11 of 11 people found the following review helpful By Steve Koss VINE VOICE on June 5, 2004
Format: Hardcover
Reading the six short stories in Gao Xing Jian's BUYING A FISHING ROD FOR MY GRANDFATHER is like wandering into a small gallery containing six Impressionist paintings. Each story paints a quiet verbal picture of loss and gain, of change, of solitary existence and the consolations of love and family. Gao's works seem nearly plotless, vignettes which create scenes and atmosphere more than story lines. Then again, life consists of such brief moments and experiences; stories are the fictions we create to connect and give personal meaning to these separate moments.
Gao's technique varies from story to story. His opening work, "The Temple," describes the spontaneous actions of a honeymooning couple as they disembark from a train to explore a decaying hillside temple. The story, written in standard prose form, speaks achingly of history and loss, of life moving forward in spite of past tragedies. The second story, "In the Park," switches almost completely to dialog between two nameless acquaintances who meet by coincidence in a park and reclaim their childhood memories as another young woman sits crying on a nearby park bench.

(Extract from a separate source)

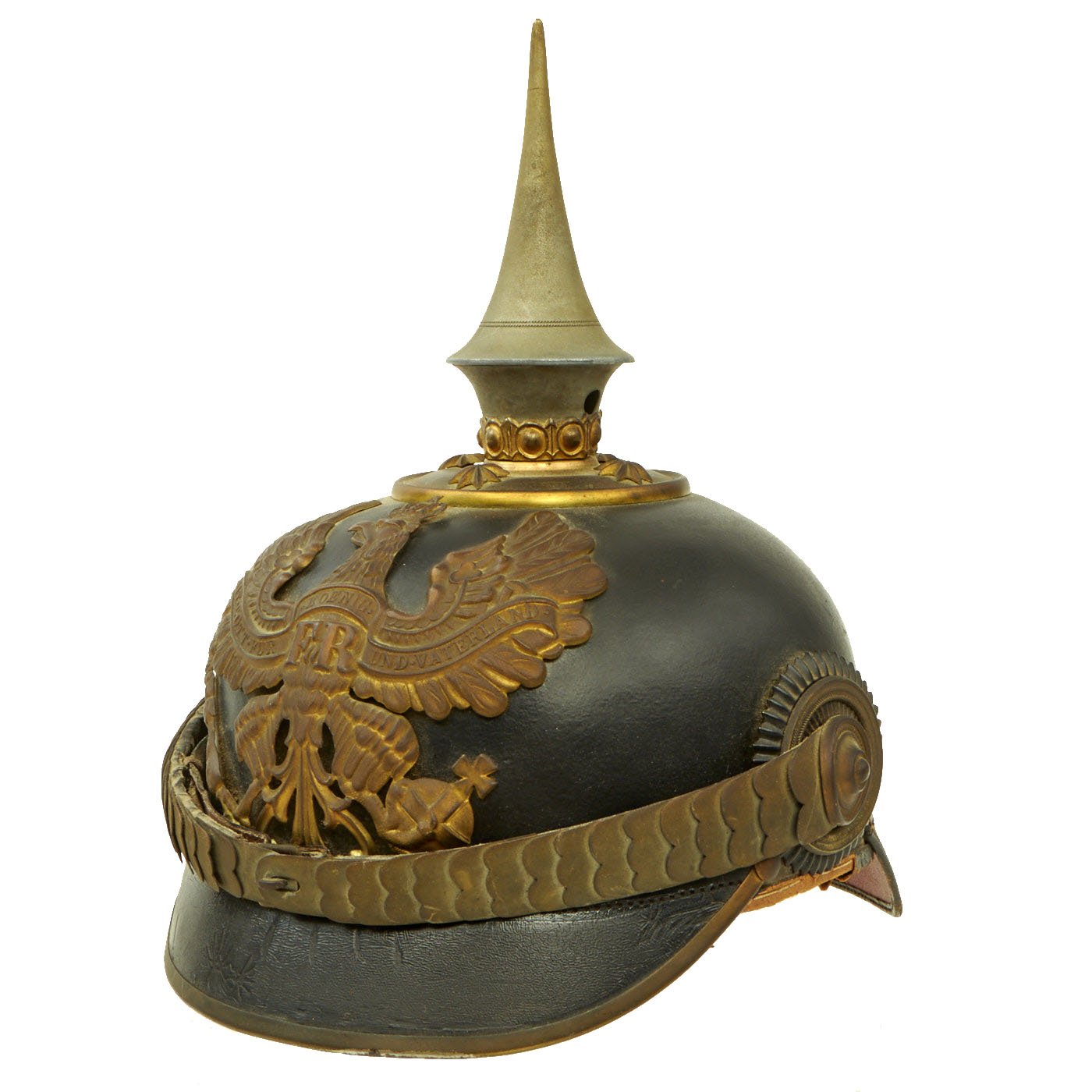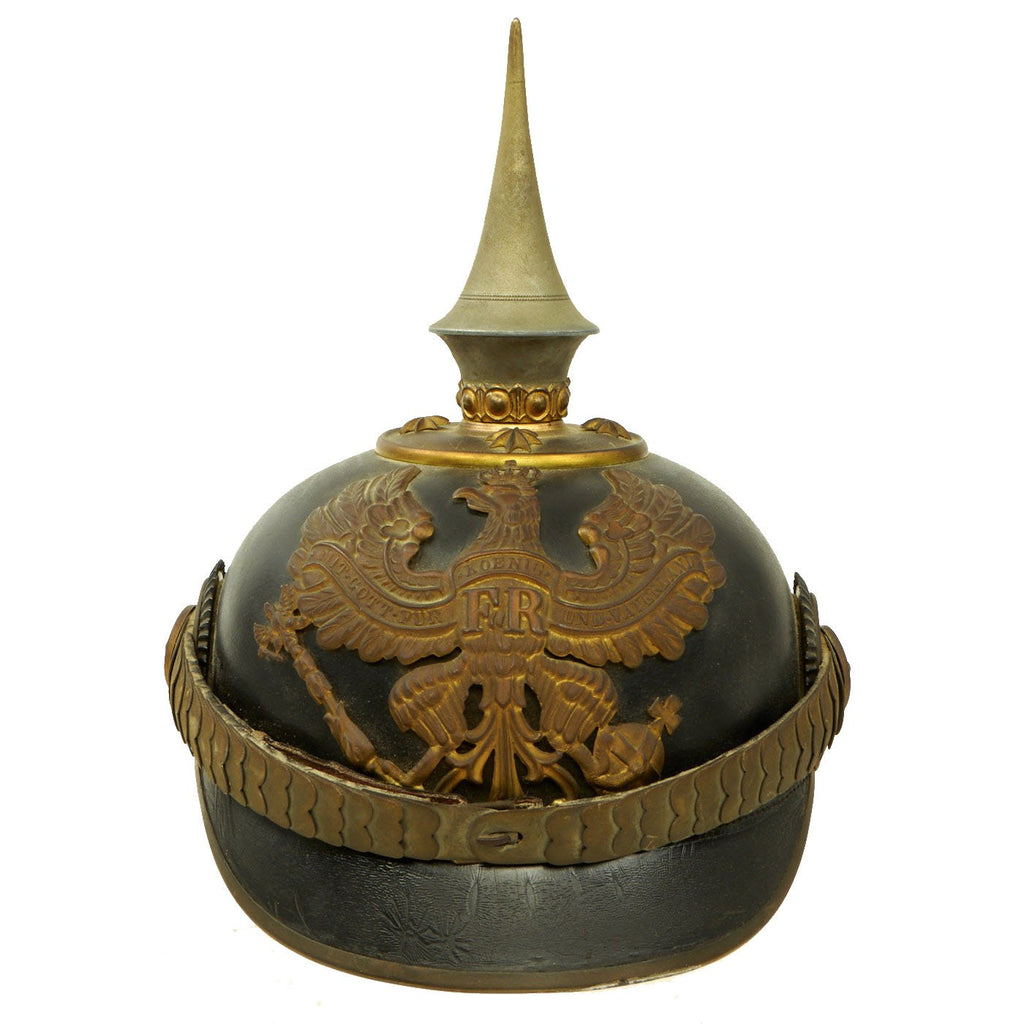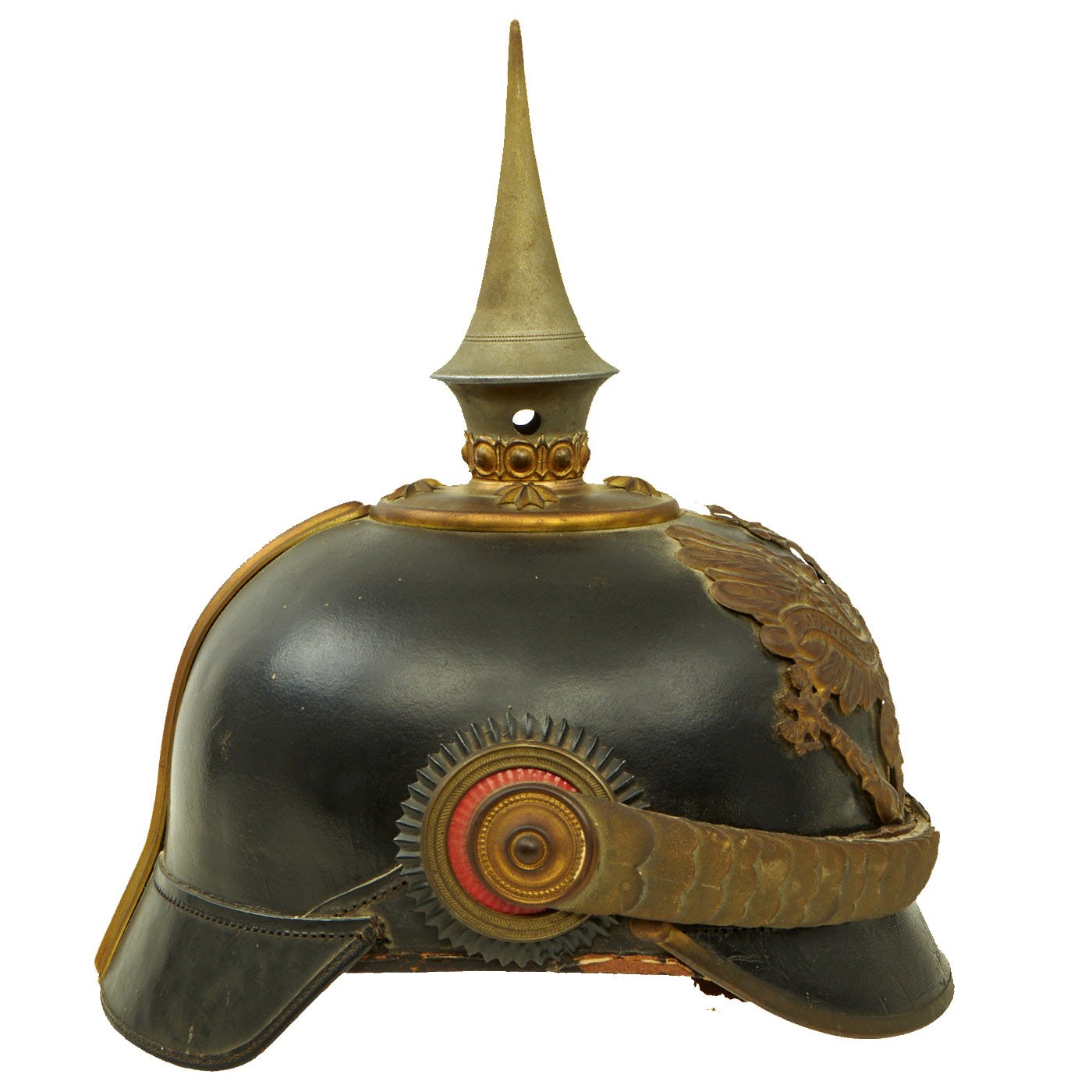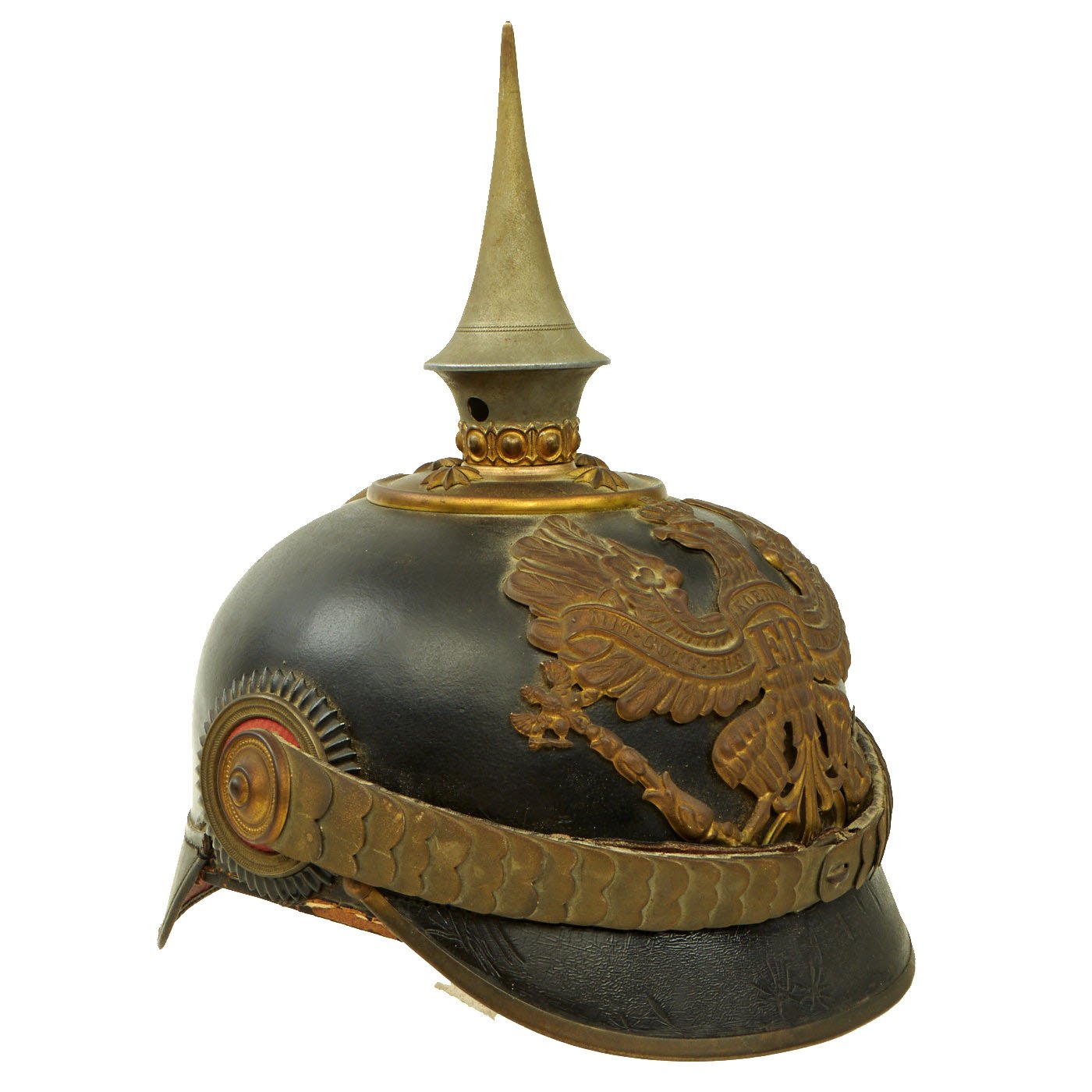 Original Item: Only One Available. This is a great condition, smart-looking high-end officer pickelhaube from a Prussian Infantry Regiment, which was most likely used during World War One. The Pickelhaube of commissioned officers holding a rank from Lieutenant to Colonel are all identical in features, but not quality. The quality of helmets within these ranks depended entirely on how much the individual wished to spend. A lowly Lieutenant's helmet may be of much higher quality than one worn by a Colonel. As expected, officer helmets were of a much higher quality than the issued version and utilized the "squared finger" liners until 1880, when the internal leather sweatband and silk skull-cap came into use.

The third story, "The Cramp," gives a harrowing account of a casual swimmer who nearly dies alone within sight of the shore, only to discover when he makes it ashore that no one has noticed. The next story, "The Accident," tells nearly the same story in a moment by moment account of a fatal traffic accident on a Beijing street. The police arrive and take care of the situation, street cleaners come to remove the broken bicycle and wipe the blood from the streets, and life continues on anonymously, as if the death never occurred.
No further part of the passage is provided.